Biopolym. Cell. 2012; 28(5):357-362.
Structure and Function of Biopolymers
GTPase-activating protein oligophrenin 1 is a new partner of multifunctional adapter protein intersectin 1
1, 2Gubar O. S., 2Houy S., 3Billuart P., 1Kropyvko S. V., 1Tsyba L. O., 2Gasman S., 1Rynditch A. V.
  1. State Key Laboratory of Molecular and Cellular Biology
    Institute of Molecular Biology and Genetics, NAS of Ukraine
    150, Akademika Zabolotnoho Str., Kyiv, Ukraine, 03680
  2. Institut des Neurosciences Cellulaires et Integratives (INCI) UPR 3212, CNRS -Universite de Strasbourg, Centre de Neurochimie
    5, rue Blaise Pascal, Strasbourg, France, 67084
  3. CNRS UMR 8104, Institut Cochin
    24, rue du Faubourg Saint-Jacques, Paris, France, 75014

Abstract

Intersectin 1 (ITSN1) is a multifunctional adaptor protein which is involved in endocytosis, exocytosis and cellular signaling and it is also associated with such pathologies as Down syndrome and Alzheimer’s disease.
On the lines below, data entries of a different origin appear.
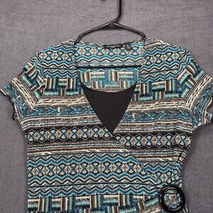 Notations Petite Wrap-Style Top Blouse Buckle Geometric Print Womens Size PL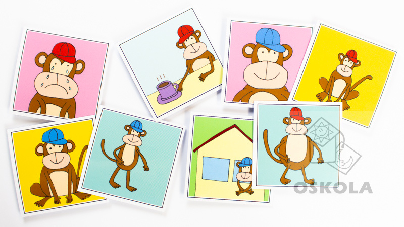 Soubor devíti dvojic karet, kde opičky znázorňují protikladná slova: veselý-smutný, malý-velký, prázdný-plný, studený-teplý aj.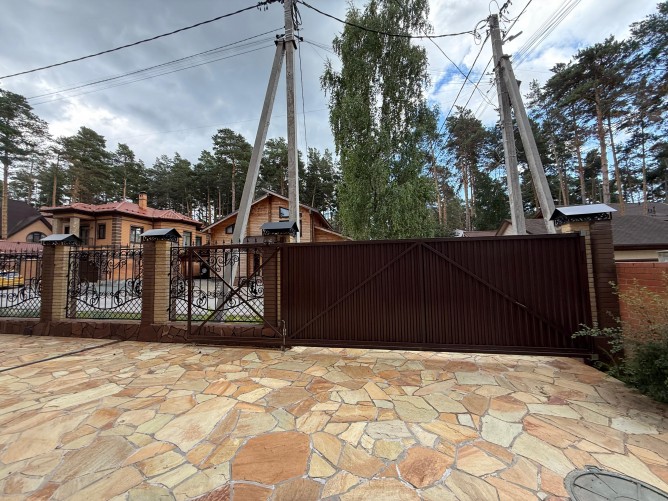 Дом расположен на закрытой и асфальтированной улице. Выезд с улицы оборудован откатными воротами с одной стороны и шлагбаумом с другой.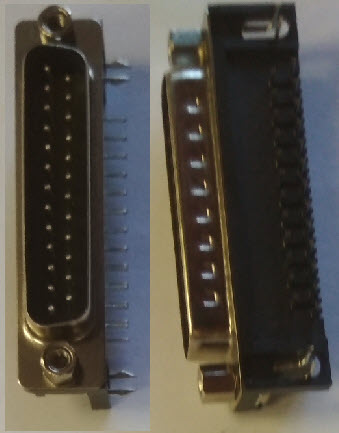 SMA(m) angle connector, with enlarged threaded portion for mounting on a printed circuit board footprint 7x7mm.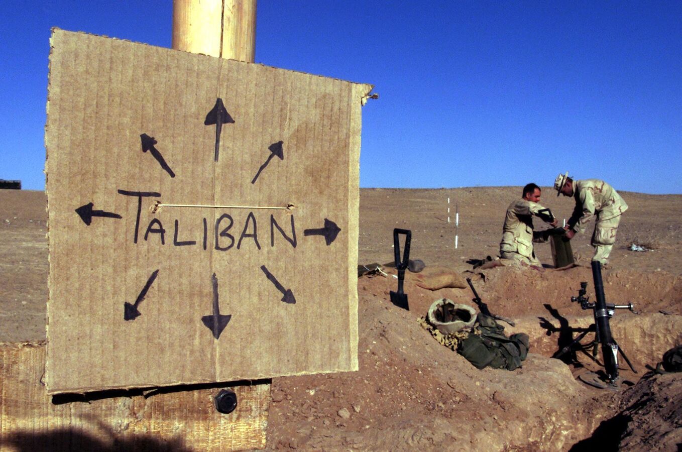 Binh sĩ lấp các bao cát xung quanh vị trí súng cối hạng nhẹ trên tiền tuyến của Căn cứ Thủy quân lục chiến Mỹ ở miền nam Afghanistan tháng 11/2001. Ảnh: Reuters

The aim of this study was to identify new ITSN1 protein partners which are implicated in membrane trafficking. Methods. In silico analysis by Scansite online resource had identified a GTPase activating protein oligophrenin 1 (OPHN1) as a potential partner of ITSN1 SH3A domain. GST pull-down and immunoprecipitation were used to prove complex formation between ITSN1 and OPHN1. Subcellular protein localization was determined by immunofluorescence and confocal microscopy. Results. We have shown that brain-specific and ubiquitously expressed SH3A domain isoforms of ITSN1 interact with OPHN1. ITSN1 and OPHN1 form complexes in both resting and stimulated to exocytosis PC12 cell line. Conclusions. GTPase activating protein OPHN1 and adaptor protein ITSN1 interact in PC12 cell line independently of exocytosis stimulation.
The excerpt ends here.